Мы поднимаемся, подсвечиваю тропу тусклым лучом фонаря, стараемся не наступать на осыпи, но некоторые камушки выскакивают и с шуршанием скользят вниз. Мне не по себе от того, что могу скатиться к обрыву вслед за ними, но, стиснув зубы, проворно двигаюсь вперёд. Я обостряю все чувства, внутри меня всё словно гудит, до того я напряжён, и до меня долетает запах сырой рыбы, я поворачиваюсь к Аскольду, тот взглядом подтверждает, что тоже учуял. Вскоре натыкаемся на кусок белуги, наверное, той самой, что отобрали и Катерины. Ещё, через некоторое время, у самого выхода, ещё на один.

— Что скажешь? — заинтригованный спрашиваю я, ковыряя обсидиановым наконечником копья, белое мясо рыбы.

— Проще пареной репы, — ухмыляется Аскольд, — как говорится: «Не рой другому яму, сам в неё попадешь».

— Я, так понимаю, бойцы из лагеря Вилена Ждановича, не успокоились, решили к нам подманить медведя.

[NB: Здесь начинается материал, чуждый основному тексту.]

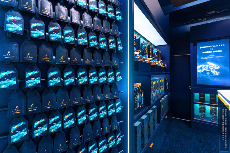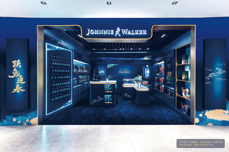 在三亚、海口等地的免税渠道中,尊尼获加威士忌精品店也以全新兔年设计焕然一新,以瑞兔奔腾向前的跃动之姿,带来关于2023年的纷繁想象。坐落于三亚cdf国际免税城的尊尼获加威士忌精品店,就成为了消费者在新年购物时的“打卡点”。富有深度的深蓝色调与“跃兔迎春”设计的交织,让店铺充满设计美学。

— Подманили, — по своему обыкновению бесшумно смеётся Аскольд, аккуратно отпихивает рыбу в сторону: — Заберём на обратном пути, только бы лисы его не унюхали.

— Здесь есть лисы? — на меня повеяло чем-то родным и близким, я этих зверей связываю с прошлой жизнью, и мне становится грустно, даже глаза влажнеют.

— Это не те лисы, что мы знали. Видел одну, с волка, морда хитрая, наглая, шерсть выпадает, камнем отогнал, когда она близко к лагерю подобралась.

Мы выбираемся на поверхность. Фонарик я выключил, нельзя привлекать внимание. Принюхиваюсь, ощущаю ещё один запах сырой рыбы. Идя по нему как по компасу, выходим на знакомую мне до боли тропу, ведущую к валунам. Останавливаюсь, крепче перехватываю копьё, Аскольд понимающе произносит: — Это там вы спасли женщину с детьми?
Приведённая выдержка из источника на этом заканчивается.